Song by Braxton Shuffered aka Braxton Shooford
- Released: 1951
- Recorded: June 1, 1951
- Genre: Country
- Length: 3:02
- Songwriters: Hank Williams, Braxton Shuffert

= Rockin' Chair Daddy =

"Rockin' Chair Daddy" is a honky tonk country song written and recorded by Braxton Shuffert. Hank Williams was the co-writer.

==Background==
After the success of Hank Williams' "Lovesick Blues'" in 1949, producer Fred Rose was given carte blanche to sign country acts to MGM, and one of them was Hank's friend Braxton Shuffert.

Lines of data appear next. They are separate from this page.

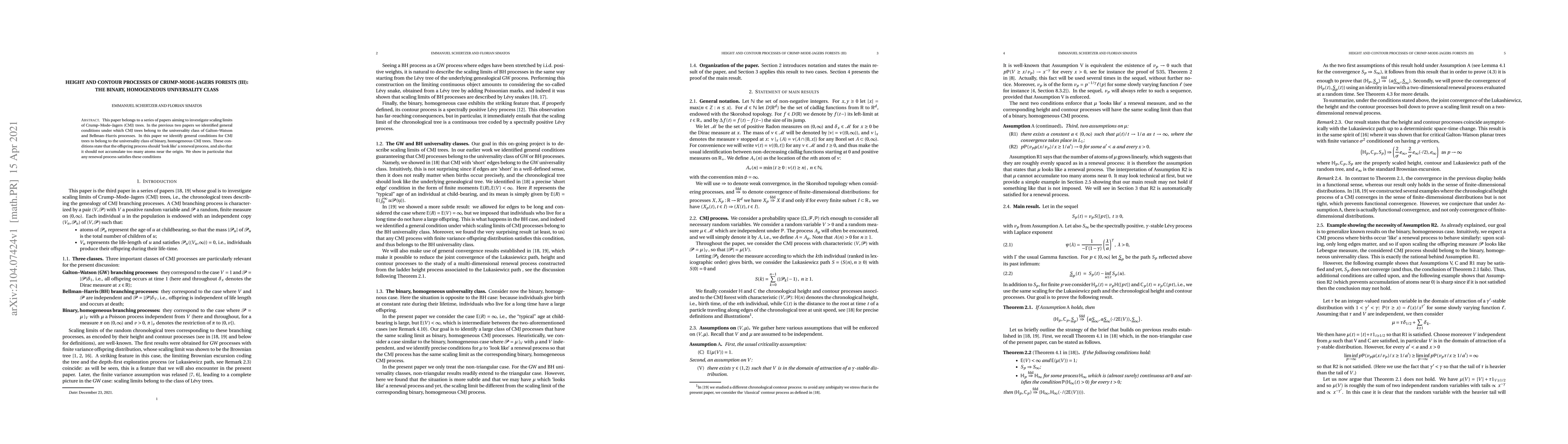 This paper belongs to a series of papers aiming to investigate scaling limits of Crump-Mode-Jagers (CMJ) trees. In the previous two papers we identified general conditions under which CMJ trees belong to the universality class of Galton-Watson and Bellman-Harris processes. In this paper we identify general conditions for CMJ trees to belong to the universality class of binary, homogeneous CMJ trees. These conditions state that the offspring process should 'look like' a renewal process, and also that it should not accumulate too many atoms near the origin. We show in particular that any renewal process satisfies these conditions.
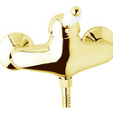 Назначение: душ • Конструкция: однорычажный • Монтаж: вертикальный • Клапан: керамический • Материал: латунь, покрытие - золото • Монтажные отверстия: 2 отверстия • Донный клапан в комплекте: есть
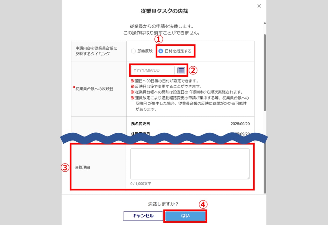 「申請内容を従業員台帳に反映するタイミング」に「日付を指定する」(①)を選択し、「従業員台帳への反映日」(②)を入力します。「決裁理由」(③)を入力し、[はい](④)をクリックします。
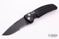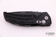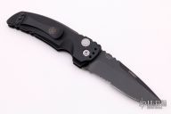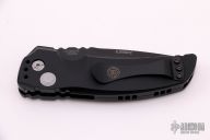 This EX-A01 by Hogue Knives is an Allen Elishewitz design, it features a black drop point partially serrated 154CM blade with notched thumbrest. The handle is black aluminum, tip up or down reversible black stainless steel clip. Has safety. Comes with Hogue box, papers and nylon sheath. Excellent condition.
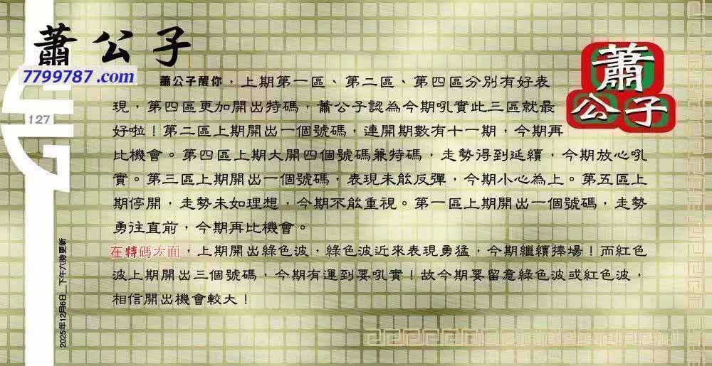 127期:六合皇金句/老总论码/萧公子/林大师/五行夺码/老总信箱截
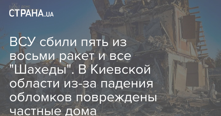 В Киевской области из-за падения обломков ракет и дронов пострадали 18 частных домов - два из них разрушены полностью.
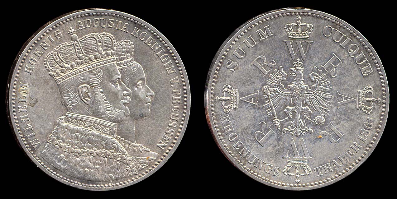 PRUSSIA, thaler K488 1861-A, coronation, XF+

Schuffert also toured with Williams and his Drifting Cowboys. Williams had given Shuffert the song "A Teardrop on a Rose" but they needed one more tune for the flipside. Shuffert later recalled:

"I was wanting to sing 'I'll Still Write Your Name in the Sand,' but Fred said, 'No-o-o, we don't give other folks royalties. I'm going over to the house for a few minutes. You and Hank write something.'...When Fred came back, I sang him 'Rockin' Chair Daddy,' and he signed me up that evening."

Like every record that Rose produced for MGM that was not by Hank Williams, the Jimmie Rodgers-influenced "Rockin' Chair Daddy" sold poorly. No recording of Williams singing the song has ever been located.

==Another version==
Sam Phillips released a single on his own Sun Records, of "Rockin' Chair Daddy" b/w "The Great Medical Menagerist" in 1954, which had been recorded by Harmonica Frank.